Dataset records:
━━━

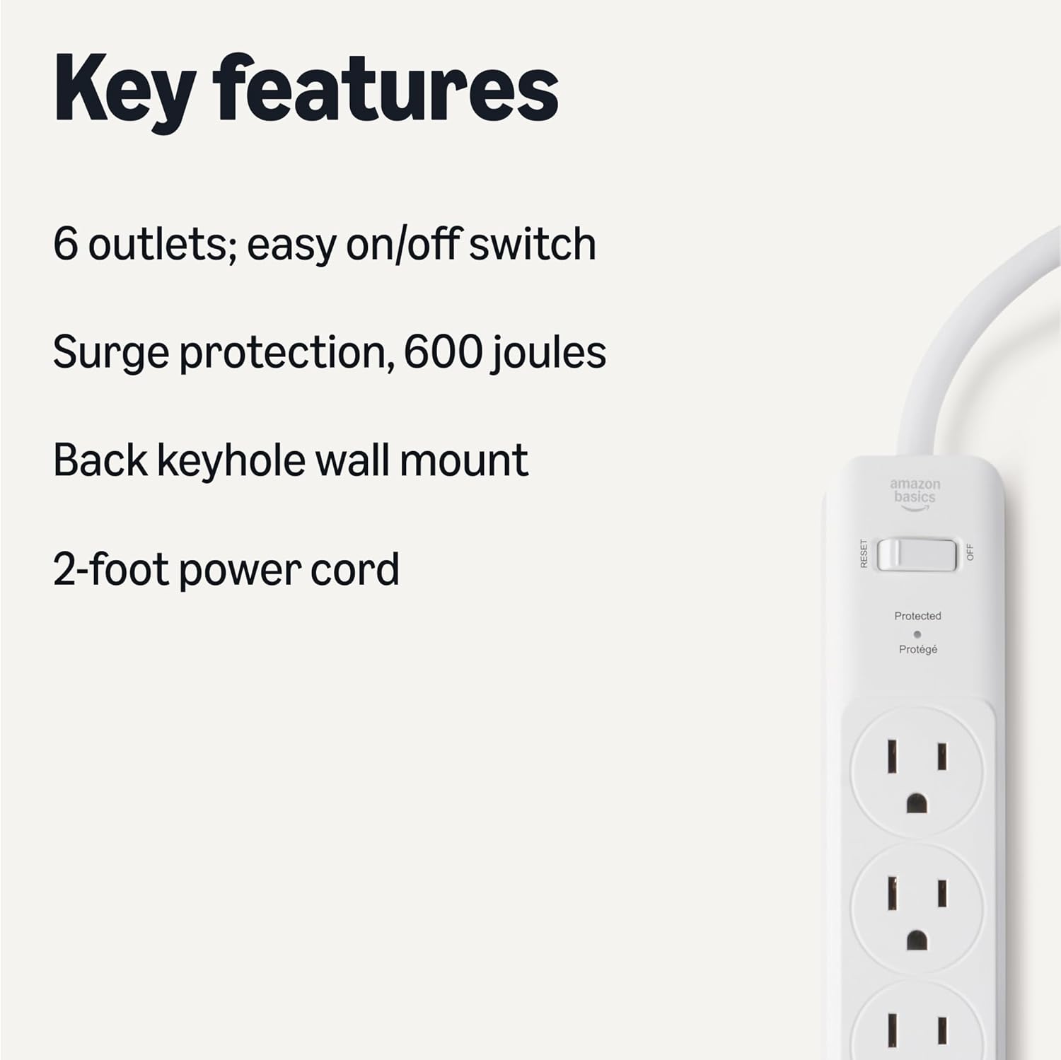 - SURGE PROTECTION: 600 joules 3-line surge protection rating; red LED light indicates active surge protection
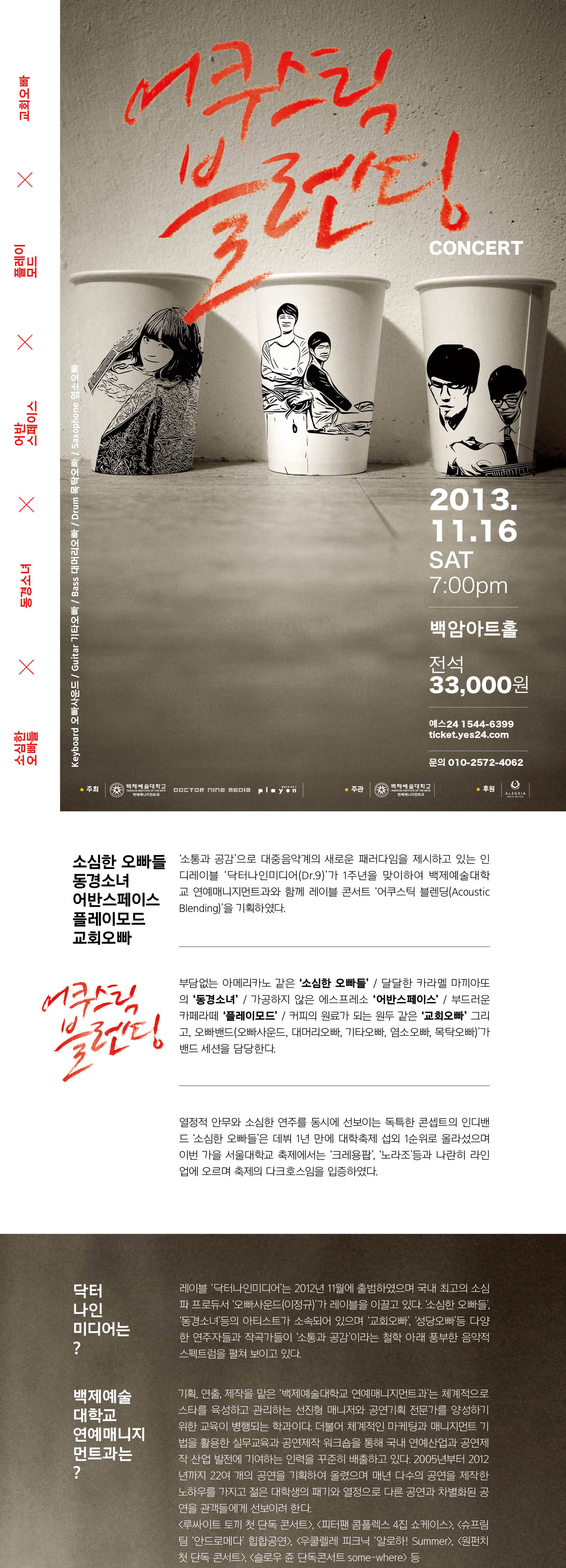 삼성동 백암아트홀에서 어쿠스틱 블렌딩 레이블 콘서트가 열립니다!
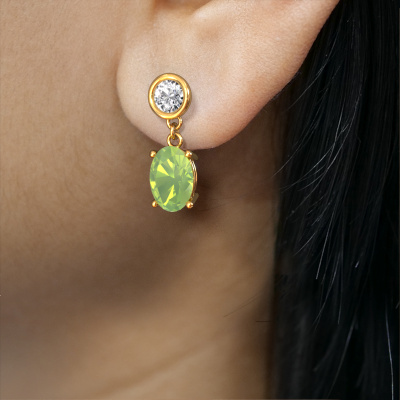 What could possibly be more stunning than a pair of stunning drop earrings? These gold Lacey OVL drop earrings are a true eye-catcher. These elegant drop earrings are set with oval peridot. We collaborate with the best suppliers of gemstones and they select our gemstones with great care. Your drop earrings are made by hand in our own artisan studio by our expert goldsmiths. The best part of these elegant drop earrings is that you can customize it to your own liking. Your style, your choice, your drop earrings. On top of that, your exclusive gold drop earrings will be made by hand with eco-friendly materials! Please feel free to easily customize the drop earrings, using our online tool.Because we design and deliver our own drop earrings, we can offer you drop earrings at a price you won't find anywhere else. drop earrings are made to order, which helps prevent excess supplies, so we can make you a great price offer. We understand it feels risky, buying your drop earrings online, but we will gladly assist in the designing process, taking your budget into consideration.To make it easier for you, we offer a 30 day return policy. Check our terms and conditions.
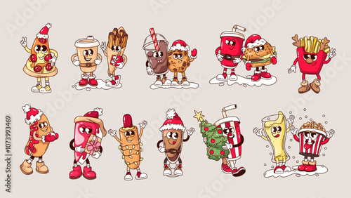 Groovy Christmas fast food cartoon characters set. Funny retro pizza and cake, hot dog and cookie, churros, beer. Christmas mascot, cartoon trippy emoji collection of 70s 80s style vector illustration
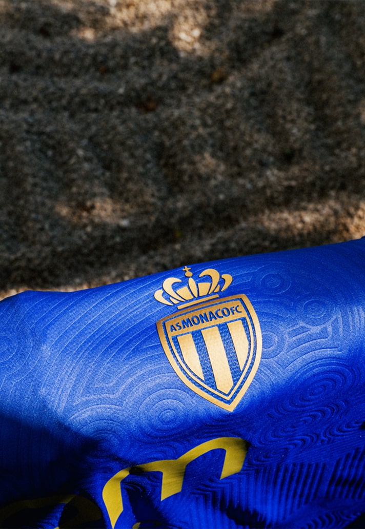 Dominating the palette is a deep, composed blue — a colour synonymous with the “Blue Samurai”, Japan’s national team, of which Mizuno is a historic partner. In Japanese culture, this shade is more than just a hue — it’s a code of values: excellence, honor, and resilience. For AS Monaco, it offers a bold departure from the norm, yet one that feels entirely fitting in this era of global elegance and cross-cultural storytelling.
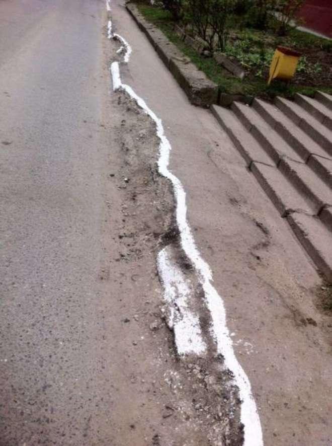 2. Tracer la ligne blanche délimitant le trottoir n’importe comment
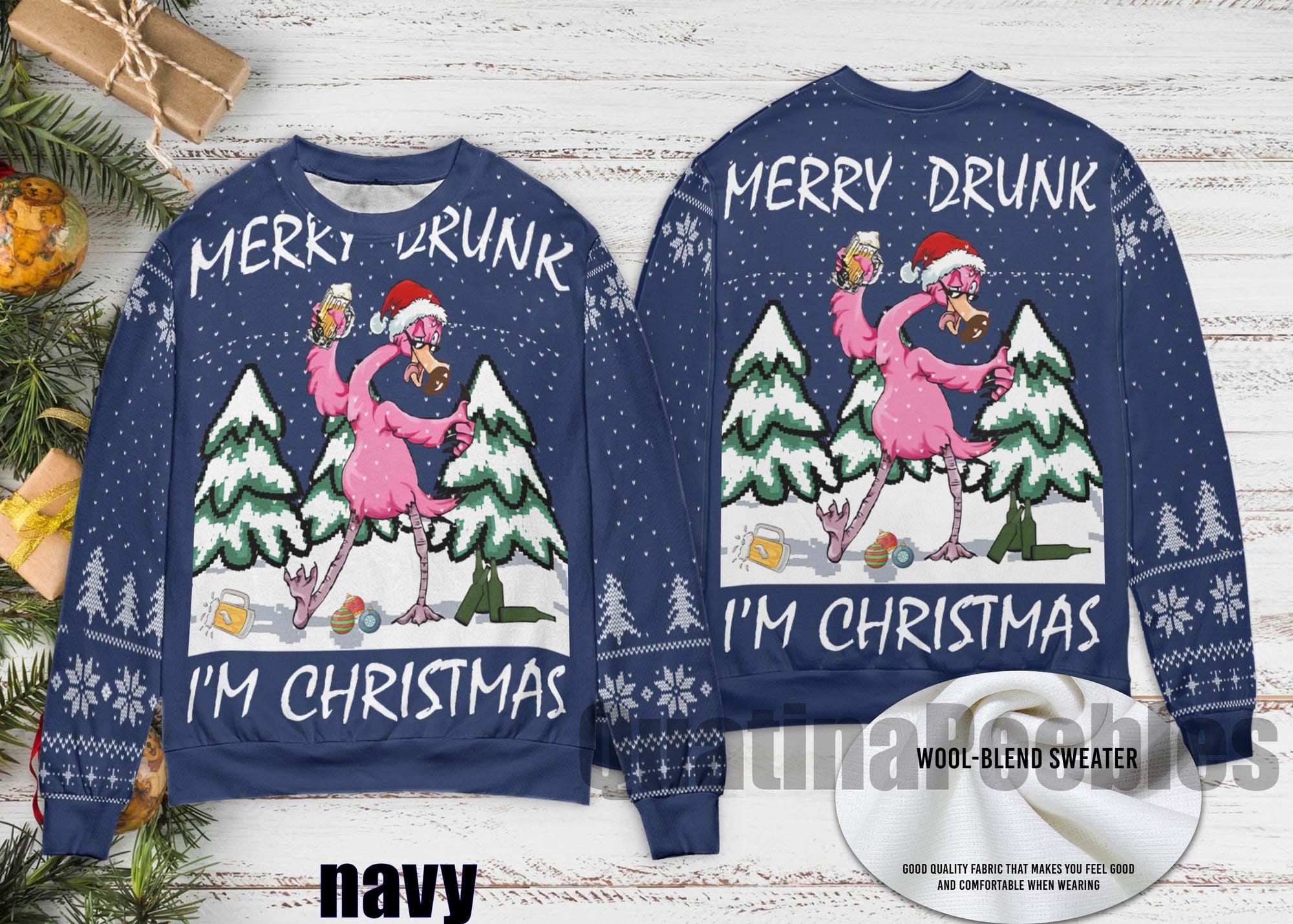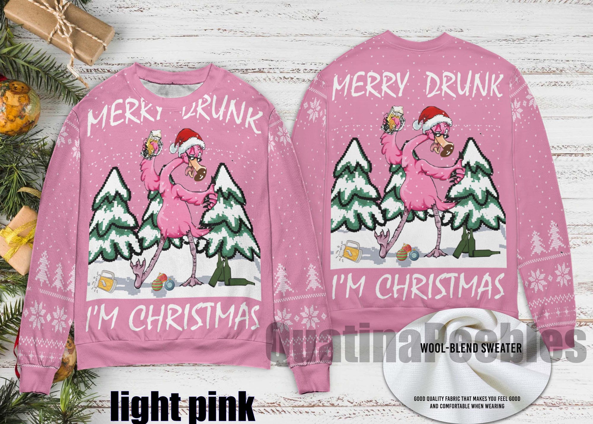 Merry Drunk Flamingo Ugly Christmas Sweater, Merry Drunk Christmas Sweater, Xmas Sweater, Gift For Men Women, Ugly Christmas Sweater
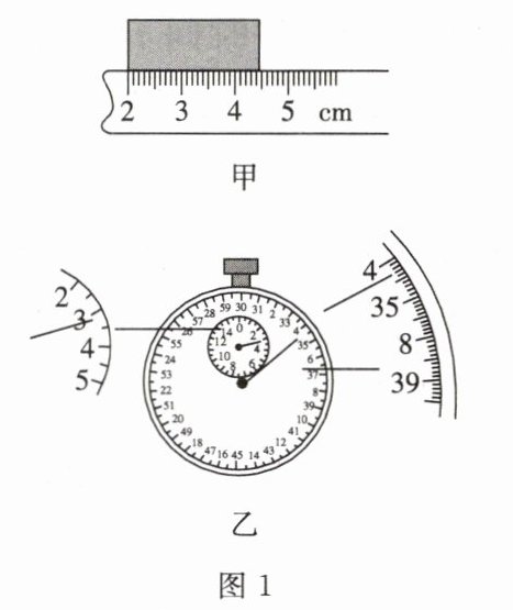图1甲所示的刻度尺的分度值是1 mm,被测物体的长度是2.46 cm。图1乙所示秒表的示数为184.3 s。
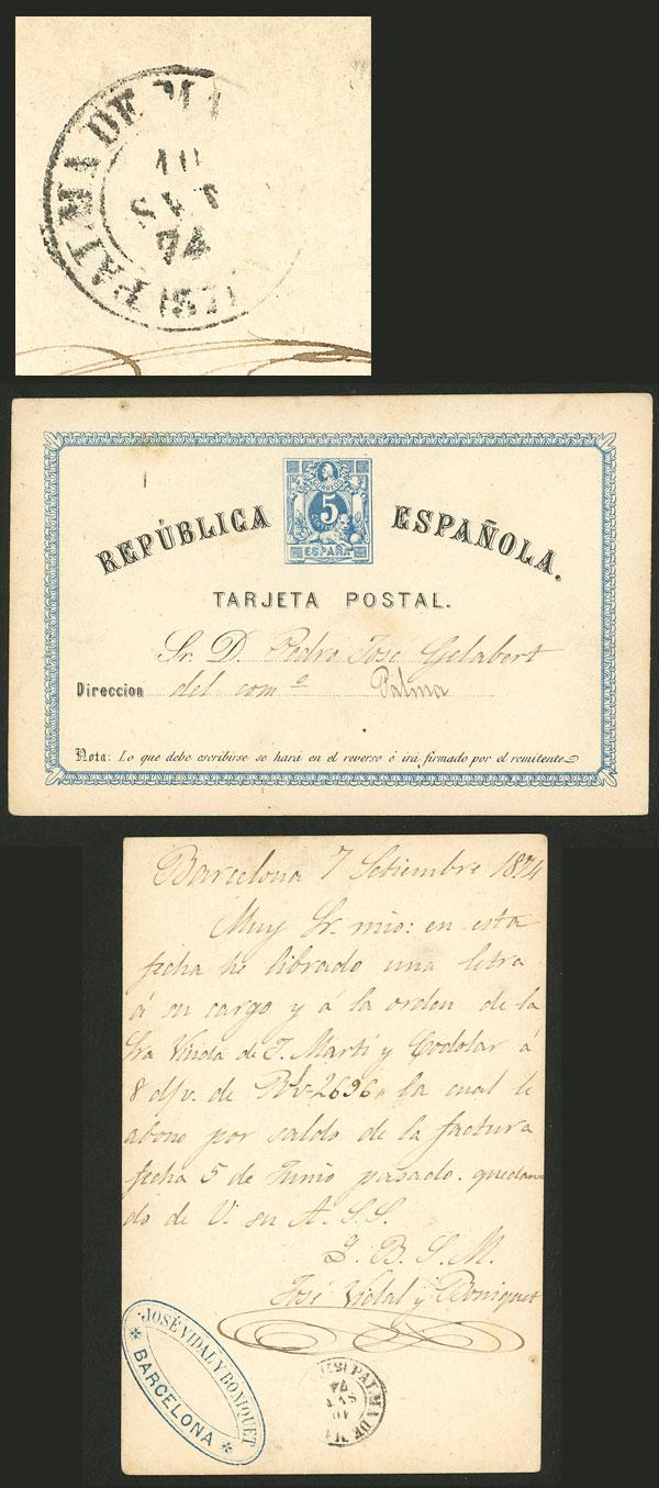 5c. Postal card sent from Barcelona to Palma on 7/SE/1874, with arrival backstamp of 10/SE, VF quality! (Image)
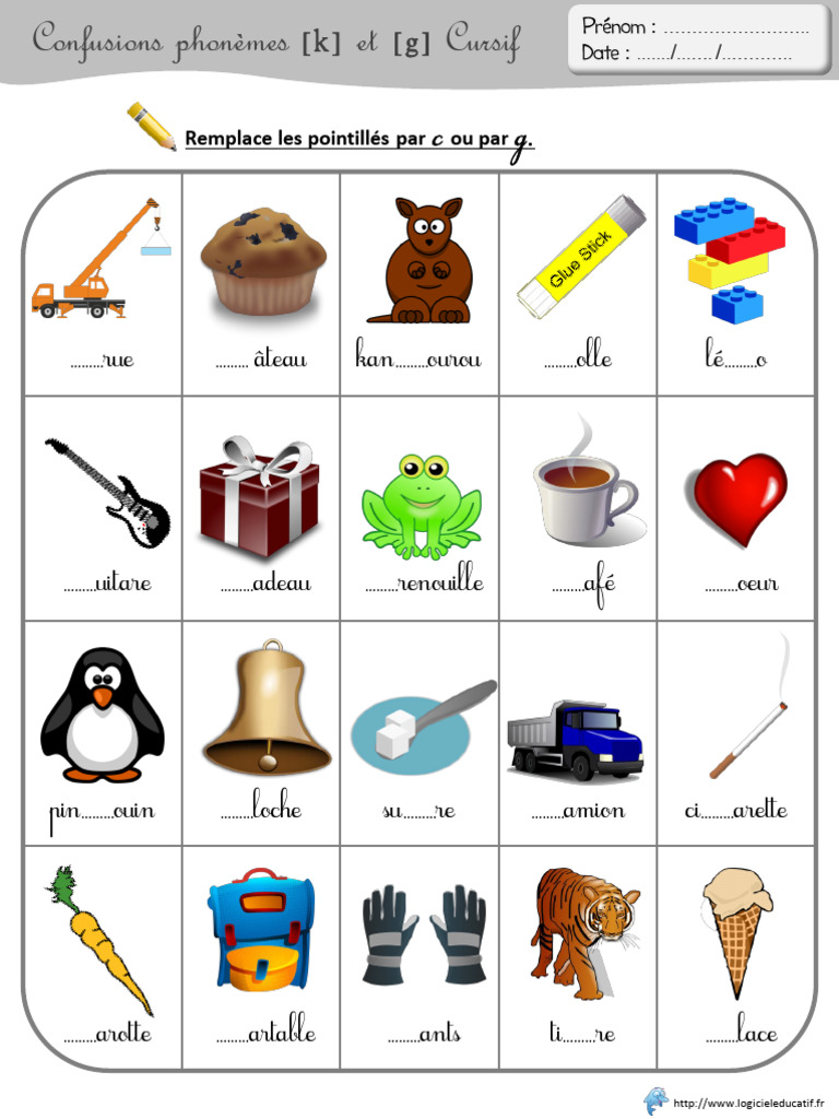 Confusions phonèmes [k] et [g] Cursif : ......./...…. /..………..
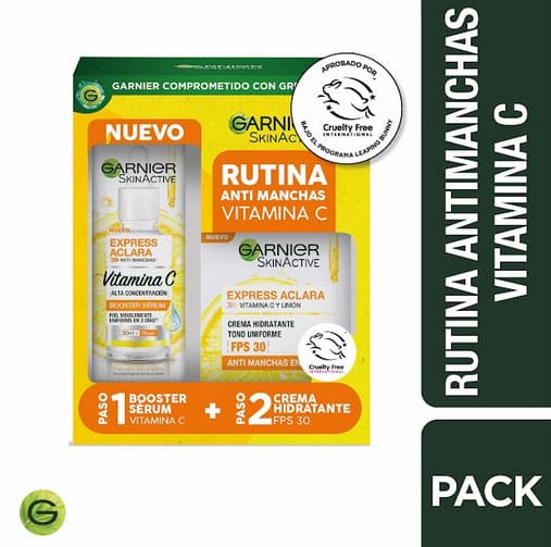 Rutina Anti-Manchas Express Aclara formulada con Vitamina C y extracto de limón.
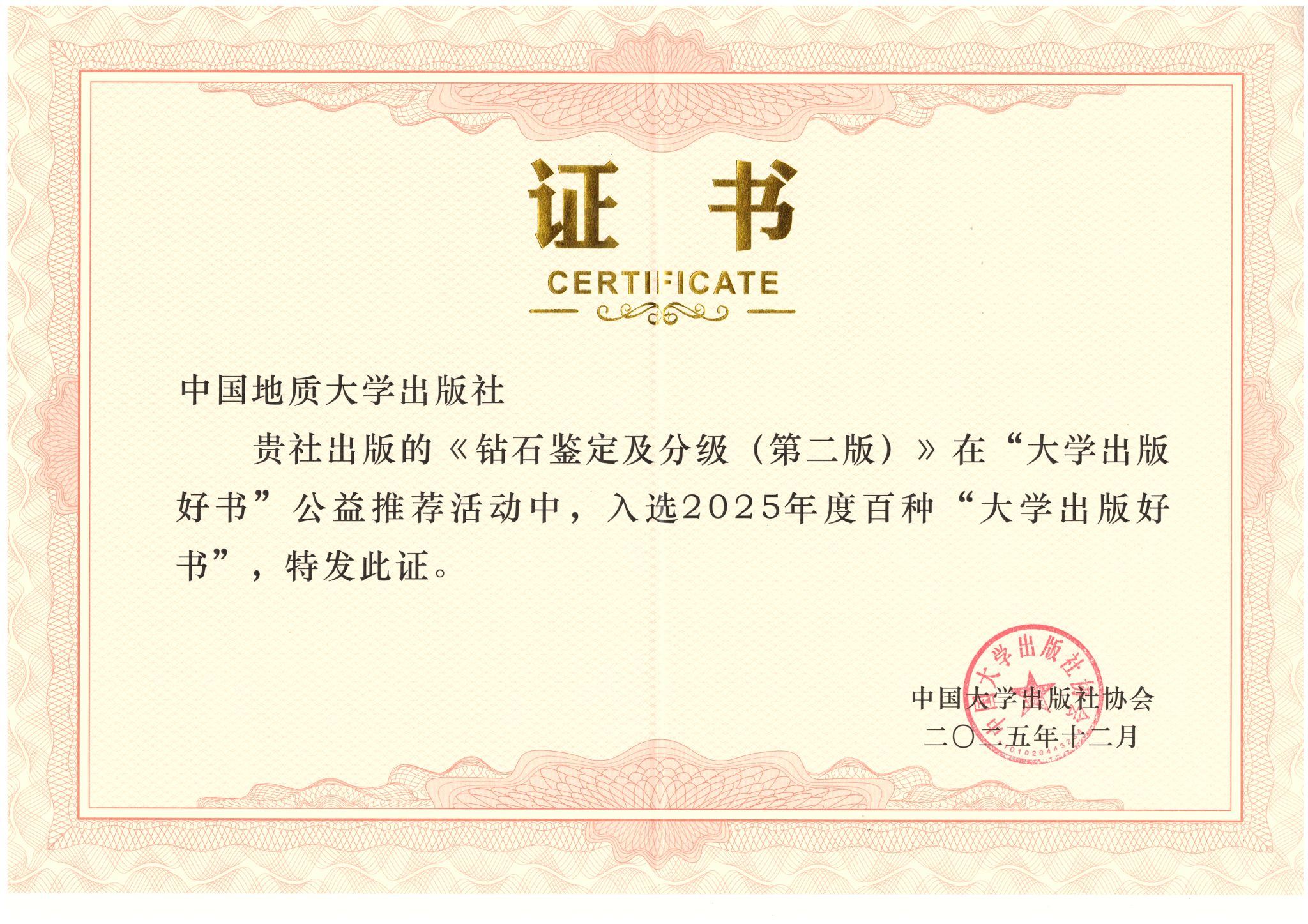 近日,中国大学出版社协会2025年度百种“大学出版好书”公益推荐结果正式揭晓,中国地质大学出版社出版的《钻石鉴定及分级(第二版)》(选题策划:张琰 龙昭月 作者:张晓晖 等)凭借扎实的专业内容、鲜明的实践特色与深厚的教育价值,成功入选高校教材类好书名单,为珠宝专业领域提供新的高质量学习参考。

━━━

Problem description:
Once you have returned the line containing "삼성동 백암아트홀에서 어쿠스틱 블렌딩 레이블 콘서트가 열립니다!", stop; begin at the first line of the material, keep each line exact, and skip the pictures.

Worked solution:
 - SURGE PROTECTION: 600 joules 3-line surge protection rating; red LED light indicates active surge protection
 삼성동 백암아트홀에서 어쿠스틱 블렌딩 레이블 콘서트가 열립니다!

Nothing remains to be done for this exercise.